University of Poonch Rawalakot (UPR)
- Motto: Enter to learn, leave to serve!
- Type: Public
- Established: 2014; 12 years ago
- Affiliations: Pakistan Veterinary Medical Council
- Chancellor: Sultan Mehmood Chaudhry, president of Azad Jammu and Kashmir
- Vice-Chancellor: Dr. Zakria Zakar
- Location: Rawalakot, Azad Kashmir, Pakistan 33°50′45″N 73°46′27″E﻿ / ﻿33.845750°N 73.774149°E
- Website: upr.edu.pk

= University of Poonch =

University in Azad Kashmir, Pakistan

University of Poonch is a public university located in Rawalakot, Azad Kashmir, Pakistan. The university has 3 different campuses: The Main campus in Rawalakot, the Kahuta campus, and the Mong campus. As of 2017, the university has 7 faculties consisting of 26 departments.

== Faculties ==

The university has seven faculties comprising 26 departments:

Faculty of Agriculture:

Departments: Food science & Technology, Agricultural economics, Horticulture, Entomology, Agronomy, Plant pathology, Plant breeding & Molecular genetics, and Soil & Environmental sciences.

Faculty of Medical & Health sciences:

Departments: Pharmacy, and Eastern medicine & Surgery.

Faculty of Management sciences:

Departments: Business administration, and Commerce.

Faculty of Basic & Applied sciences:

Departments: Computer sciences, Chemistry, Physics, Zoology, Mathematics, Botany, and Earth sciences.

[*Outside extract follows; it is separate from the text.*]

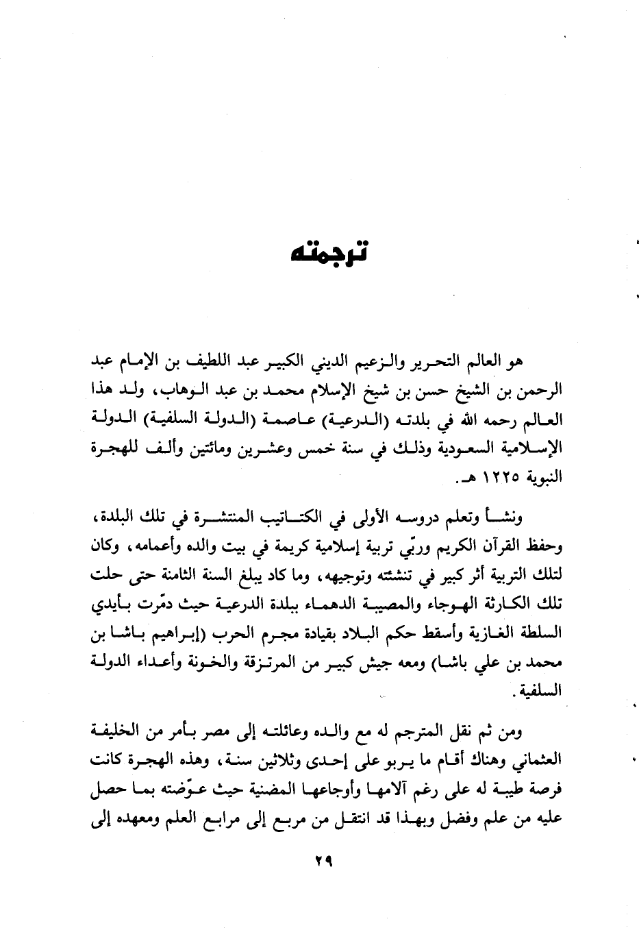 هو العالم النحرير والزعيم الديني الكبير عبد اللطيف بن الإمام عبد الرحمن بن الشيخ حسن بن شيخ الإسلام محمد بن عبد الوهاب، ولد هذا العالم رحمه الله في بلدته (الدرعية) عاصمة (الدولة السلفية) الدولة الإسلامية السعودية وذلك في سنة خمس وعشرين ومائتين وألف للهجرة النبوية 1225هـ.

Faculty of Humanities and Social sciences:

Departments: Economics, English, Sociology, Psychology, and Islamic studies.

Faculty of Engineering & Technology:

Departments: Electrical engineering.

Faculty of Veterinary & Animal sciences:

Departments: Veterinary & Animal sciences.

== Affiliation ==

The university of Poonch is affiliated with the Pakistan Veterinary Medical Council.

== Recognition ==

In addition to its affiliate, the university is also recognized by institutions including the Higher Education Commission of Pakistan, the Pharmacy Council of Pakistan, and the National Council for Tibb.